Prime Minister Benj’amin Netanyahu vowed to “respond harshly,” describing the attack as a “cruel murder of Jews who came to pray.” U.S. Secretary of State John Kerry said he spoke to Netanyahu and denounced the attack as an “act of pure terror and senseless brutality and violence.”
Palestinian President Mahmoud Abbas condemned the attack, the first time he has done so since a recent spike in deadly violence against Israelis. He also called for an end to Israeli “provocations” surrounding the sacred site.
In a statement, Abbas’ office said he “condemns the killing of the worshippers in a synagogue in west Jerusalem.” The statement called for an end to the “invasion” of the mosque at the holy site and a halt to “incitement” by Israeli government ministers.
Israeli police called the incident a terrorist attack and said the two Palestinian assailants were cousins from east Jerusalem, the section of the city captured by Israel in 1967 and claimed by the Palestinians as their capital.
The Popular Front for the Liberation of Palestine, a small militant group, said the cousins were among its members.
Hamas, the militant Palestinian group that runs the Gaza Strip, praised the attack.
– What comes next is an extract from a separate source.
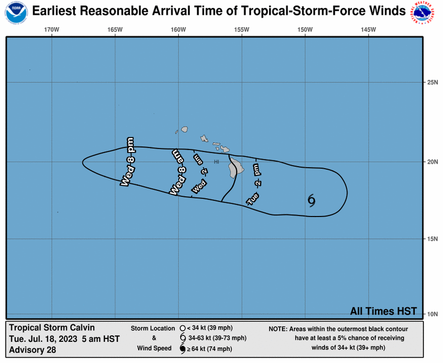 - WIND: Tropical storm conditions are expected within the warning area starting this evening. Preparations for tropical storm force wind impacts should already be completed for persons in Hawaiʻi County. The National Weather Service reports: “Locally strong winds will begin this evening over the Big Island, with north winds shifting to the northeast and east as Calvin moves westward through Wednesday morning. Winds will primarily be northeasterly over the smaller islands, strongest Wednesday and Wednesday evening. It is important to note that the mountainous terrain of the islands can produce localized areas of enhanced winds, even well away from the tropical cyclone center.”

In Gaza, dozens took to the streets to celebrate.
Israeli police said six people were also wounded in the attack, including two police officers. Four of the wounded were reported in serious condition.
Much of the recent violence stems from tensions surrounding the Jerusalem holy site referred to by Jews as the Temple Mount because of the Jewish temples that stood there in biblical times. It is the most sacred place in Judaism; Muslims refer to it as the Noble Sanctuary, and it is their third holiest site, after Mecca and Medina in Saudi Arabia.
The site is so holy that Jews have traditionally refrained from going there, but in recent years, a small but growing number of Jewshave begun regularly visiting the site, a move seen as a provocation.